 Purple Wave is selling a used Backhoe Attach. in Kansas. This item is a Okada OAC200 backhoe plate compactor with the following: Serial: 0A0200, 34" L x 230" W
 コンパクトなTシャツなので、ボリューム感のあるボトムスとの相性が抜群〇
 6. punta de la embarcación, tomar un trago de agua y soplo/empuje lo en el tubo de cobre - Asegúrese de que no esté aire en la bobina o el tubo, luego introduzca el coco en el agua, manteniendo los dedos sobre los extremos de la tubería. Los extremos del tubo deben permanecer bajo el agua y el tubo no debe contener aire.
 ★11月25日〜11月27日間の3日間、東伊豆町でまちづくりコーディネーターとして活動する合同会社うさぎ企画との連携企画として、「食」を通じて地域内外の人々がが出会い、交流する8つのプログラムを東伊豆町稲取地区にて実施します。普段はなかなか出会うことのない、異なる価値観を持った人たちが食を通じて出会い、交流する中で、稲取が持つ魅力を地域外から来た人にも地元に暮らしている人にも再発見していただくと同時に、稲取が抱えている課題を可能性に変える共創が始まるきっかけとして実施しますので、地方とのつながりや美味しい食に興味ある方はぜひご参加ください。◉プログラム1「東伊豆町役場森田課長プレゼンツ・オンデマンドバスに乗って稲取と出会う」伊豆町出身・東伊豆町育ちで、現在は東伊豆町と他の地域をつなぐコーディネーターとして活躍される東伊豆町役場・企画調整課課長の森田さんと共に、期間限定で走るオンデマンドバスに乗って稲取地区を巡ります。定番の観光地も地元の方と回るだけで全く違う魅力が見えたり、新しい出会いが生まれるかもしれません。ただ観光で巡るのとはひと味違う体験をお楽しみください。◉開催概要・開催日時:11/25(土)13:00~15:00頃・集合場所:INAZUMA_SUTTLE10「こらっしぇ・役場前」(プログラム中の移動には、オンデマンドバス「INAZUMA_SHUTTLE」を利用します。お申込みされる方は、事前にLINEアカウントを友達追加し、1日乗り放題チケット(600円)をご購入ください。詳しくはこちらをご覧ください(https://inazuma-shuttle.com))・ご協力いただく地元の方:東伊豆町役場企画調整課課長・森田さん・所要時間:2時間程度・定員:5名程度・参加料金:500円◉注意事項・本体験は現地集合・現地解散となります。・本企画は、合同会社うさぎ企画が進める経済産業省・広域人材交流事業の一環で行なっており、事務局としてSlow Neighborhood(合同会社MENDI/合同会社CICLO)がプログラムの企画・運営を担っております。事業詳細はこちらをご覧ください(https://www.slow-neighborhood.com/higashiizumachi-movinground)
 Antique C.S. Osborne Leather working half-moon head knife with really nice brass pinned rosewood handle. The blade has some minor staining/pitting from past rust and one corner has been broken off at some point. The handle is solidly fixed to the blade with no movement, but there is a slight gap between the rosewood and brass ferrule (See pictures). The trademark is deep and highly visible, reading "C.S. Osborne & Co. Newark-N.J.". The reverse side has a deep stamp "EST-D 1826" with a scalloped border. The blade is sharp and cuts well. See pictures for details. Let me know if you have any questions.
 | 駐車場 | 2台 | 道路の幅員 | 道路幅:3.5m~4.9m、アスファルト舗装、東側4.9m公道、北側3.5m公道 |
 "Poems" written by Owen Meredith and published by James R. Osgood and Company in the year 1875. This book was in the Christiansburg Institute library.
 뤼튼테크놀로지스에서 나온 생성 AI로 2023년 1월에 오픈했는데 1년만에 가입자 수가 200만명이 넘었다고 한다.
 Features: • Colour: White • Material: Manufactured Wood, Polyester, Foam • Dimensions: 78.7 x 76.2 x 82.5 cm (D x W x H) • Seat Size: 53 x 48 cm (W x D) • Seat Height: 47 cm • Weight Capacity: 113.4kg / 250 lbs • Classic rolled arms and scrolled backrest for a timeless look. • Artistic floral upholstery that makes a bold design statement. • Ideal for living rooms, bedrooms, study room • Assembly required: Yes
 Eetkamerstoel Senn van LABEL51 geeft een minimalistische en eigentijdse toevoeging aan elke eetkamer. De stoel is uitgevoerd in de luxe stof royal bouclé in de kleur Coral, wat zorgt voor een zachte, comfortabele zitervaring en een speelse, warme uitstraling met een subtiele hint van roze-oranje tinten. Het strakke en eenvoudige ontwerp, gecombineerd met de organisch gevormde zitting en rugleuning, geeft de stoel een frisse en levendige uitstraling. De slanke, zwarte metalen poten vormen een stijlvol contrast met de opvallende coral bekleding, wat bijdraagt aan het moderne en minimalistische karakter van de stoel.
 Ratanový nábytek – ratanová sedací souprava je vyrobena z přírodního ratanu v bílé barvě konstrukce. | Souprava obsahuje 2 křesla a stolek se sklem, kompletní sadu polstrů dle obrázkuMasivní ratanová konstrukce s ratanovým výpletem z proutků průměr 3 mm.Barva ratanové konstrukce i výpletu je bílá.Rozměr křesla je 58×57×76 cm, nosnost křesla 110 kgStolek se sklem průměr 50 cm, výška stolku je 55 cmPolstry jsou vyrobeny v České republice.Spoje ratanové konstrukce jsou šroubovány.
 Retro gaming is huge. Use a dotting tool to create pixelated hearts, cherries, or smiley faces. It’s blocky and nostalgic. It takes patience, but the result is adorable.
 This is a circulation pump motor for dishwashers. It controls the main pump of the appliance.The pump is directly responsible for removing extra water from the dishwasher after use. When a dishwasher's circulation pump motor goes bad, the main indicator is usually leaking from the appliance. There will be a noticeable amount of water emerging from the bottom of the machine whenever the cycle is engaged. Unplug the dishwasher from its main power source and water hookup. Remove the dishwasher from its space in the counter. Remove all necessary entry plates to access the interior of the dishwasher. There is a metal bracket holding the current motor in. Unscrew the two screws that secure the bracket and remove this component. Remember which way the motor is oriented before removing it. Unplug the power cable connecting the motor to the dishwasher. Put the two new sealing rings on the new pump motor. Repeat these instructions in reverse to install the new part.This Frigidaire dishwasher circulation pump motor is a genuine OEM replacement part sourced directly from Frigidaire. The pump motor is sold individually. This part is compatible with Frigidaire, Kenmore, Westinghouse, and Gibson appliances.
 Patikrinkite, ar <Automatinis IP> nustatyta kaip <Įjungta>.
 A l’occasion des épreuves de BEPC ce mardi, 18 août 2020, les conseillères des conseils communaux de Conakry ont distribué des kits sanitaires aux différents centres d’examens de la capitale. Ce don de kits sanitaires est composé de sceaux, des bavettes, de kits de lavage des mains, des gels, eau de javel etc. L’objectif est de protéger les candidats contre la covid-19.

-- -- --

• How to complete this task:
A faithful, word-for-word transcription of the data above is required.

• Response to this task:
 Purple Wave is selling a used Backhoe Attach. in Kansas. This item is a Okada OAC200 backhoe plate compactor with the following: Serial: 0A0200, 34" L x 230" W
 コンパクトなTシャツなので、ボリューム感のあるボトムスとの相性が抜群〇
 6. punta de la embarcación, tomar un trago de agua y soplo/empuje lo en el tubo de cobre - Asegúrese de que no esté aire en la bobina o el tubo, luego introduzca el coco en el agua, manteniendo los dedos sobre los extremos de la tubería. Los extremos del tubo deben permanecer bajo el agua y el tubo no debe contener aire.
 ★11月25日〜11月27日間の3日間、東伊豆町でまちづくりコーディネーターとして活動する合同会社うさぎ企画との連携企画として、「食」を通じて地域内外の人々がが出会い、交流する8つのプログラムを東伊豆町稲取地区にて実施します。普段はなかなか出会うことのない、異なる価値観を持った人たちが食を通じて出会い、交流する中で、稲取が持つ魅力を地域外から来た人にも地元に暮らしている人にも再発見していただくと同時に、稲取が抱えている課題を可能性に変える共創が始まるきっかけとして実施しますので、地方とのつながりや美味しい食に興味ある方はぜひご参加ください。◉プログラム1「東伊豆町役場森田課長プレゼンツ・オンデマンドバスに乗って稲取と出会う」伊豆町出身・東伊豆町育ちで、現在は東伊豆町と他の地域をつなぐコーディネーターとして活躍される東伊豆町役場・企画調整課課長の森田さんと共に、期間限定で走るオンデマンドバスに乗って稲取地区を巡ります。定番の観光地も地元の方と回るだけで全く違う魅力が見えたり、新しい出会いが生まれるかもしれません。ただ観光で巡るのとはひと味違う体験をお楽しみください。◉開催概要・開催日時:11/25(土)13:00~15:00頃・集合場所:INAZUMA_SUTTLE10「こらっしぇ・役場前」(プログラム中の移動には、オンデマンドバス「INAZUMA_SHUTTLE」を利用します。お申込みされる方は、事前にLINEアカウントを友達追加し、1日乗り放題チケット(600円)をご購入ください。詳しくはこちらをご覧ください(https://inazuma-shuttle.com))・ご協力いただく地元の方:東伊豆町役場企画調整課課長・森田さん・所要時間:2時間程度・定員:5名程度・参加料金:500円◉注意事項・本体験は現地集合・現地解散となります。・本企画は、合同会社うさぎ企画が進める経済産業省・広域人材交流事業の一環で行なっており、事務局としてSlow Neighborhood(合同会社MENDI/合同会社CICLO)がプログラムの企画・運営を担っております。事業詳細はこちらをご覧ください(https://www.slow-neighborhood.com/higashiizumachi-movinground)
 Antique C.S. Osborne Leather working half-moon head knife with really nice brass pinned rosewood handle. The blade has some minor staining/pitting from past rust and one corner has been broken off at some point. The handle is solidly fixed to the blade with no movement, but there is a slight gap between the rosewood and brass ferrule (See pictures). The trademark is deep and highly visible, reading "C.S. Osborne & Co. Newark-N.J.". The reverse side has a deep stamp "EST-D 1826" with a scalloped border. The blade is sharp and cuts well. See pictures for details. Let me know if you have any questions.
 | 駐車場 | 2台 | 道路の幅員 | 道路幅:3.5m~4.9m、アスファルト舗装、東側4.9m公道、北側3.5m公道 |
 "Poems" written by Owen Meredith and published by James R. Osgood and Company in the year 1875. This book was in the Christiansburg Institute library.
 뤼튼테크놀로지스에서 나온 생성 AI로 2023년 1월에 오픈했는데 1년만에 가입자 수가 200만명이 넘었다고 한다.
 Features: • Colour: White • Material: Manufactured Wood, Polyester, Foam • Dimensions: 78.7 x 76.2 x 82.5 cm (D x W x H) • Seat Size: 53 x 48 cm (W x D) • Seat Height: 47 cm • Weight Capacity: 113.4kg / 250 lbs • Classic rolled arms and scrolled backrest for a timeless look. • Artistic floral upholstery that makes a bold design statement. • Ideal for living rooms, bedrooms, study room • Assembly required: Yes
 Eetkamerstoel Senn van LABEL51 geeft een minimalistische en eigentijdse toevoeging aan elke eetkamer. De stoel is uitgevoerd in de luxe stof royal bouclé in de kleur Coral, wat zorgt voor een zachte, comfortabele zitervaring en een speelse, warme uitstraling met een subtiele hint van roze-oranje tinten. Het strakke en eenvoudige ontwerp, gecombineerd met de organisch gevormde zitting en rugleuning, geeft de stoel een frisse en levendige uitstraling. De slanke, zwarte metalen poten vormen een stijlvol contrast met de opvallende coral bekleding, wat bijdraagt aan het moderne en minimalistische karakter van de stoel.
 Ratanový nábytek – ratanová sedací souprava je vyrobena z přírodního ratanu v bílé barvě konstrukce. | Souprava obsahuje 2 křesla a stolek se sklem, kompletní sadu polstrů dle obrázkuMasivní ratanová konstrukce s ratanovým výpletem z proutků průměr 3 mm.Barva ratanové konstrukce i výpletu je bílá.Rozměr křesla je 58×57×76 cm, nosnost křesla 110 kgStolek se sklem průměr 50 cm, výška stolku je 55 cmPolstry jsou vyrobeny v České republice.Spoje ratanové konstrukce jsou šroubovány.
 Retro gaming is huge. Use a dotting tool to create pixelated hearts, cherries, or smiley faces. It’s blocky and nostalgic. It takes patience, but the result is adorable.
 This is a circulation pump motor for dishwashers. It controls the main pump of the appliance.The pump is directly responsible for removing extra water from the dishwasher after use. When a dishwasher's circulation pump motor goes bad, the main indicator is usually leaking from the appliance. There will be a noticeable amount of water emerging from the bottom of the machine whenever the cycle is engaged. Unplug the dishwasher from its main power source and water hookup. Remove the dishwasher from its space in the counter. Remove all necessary entry plates to access the interior of the dishwasher. There is a metal bracket holding the current motor in. Unscrew the two screws that secure the bracket and remove this component. Remember which way the motor is oriented before removing it. Unplug the power cable connecting the motor to the dishwasher. Put the two new sealing rings on the new pump motor. Repeat these instructions in reverse to install the new part.This Frigidaire dishwasher circulation pump motor is a genuine OEM replacement part sourced directly from Frigidaire. The pump motor is sold individually. This part is compatible with Frigidaire, Kenmore, Westinghouse, and Gibson appliances.
 Patikrinkite, ar <Automatinis IP> nustatyta kaip <Įjungta>.
 A l’occasion des épreuves de BEPC ce mardi, 18 août 2020, les conseillères des conseils communaux de Conakry ont distribué des kits sanitaires aux différents centres d’examens de la capitale. Ce don de kits sanitaires est composé de sceaux, des bavettes, de kits de lavage des mains, des gels, eau de javel etc. L’objectif est de protéger les candidats contre la covid-19.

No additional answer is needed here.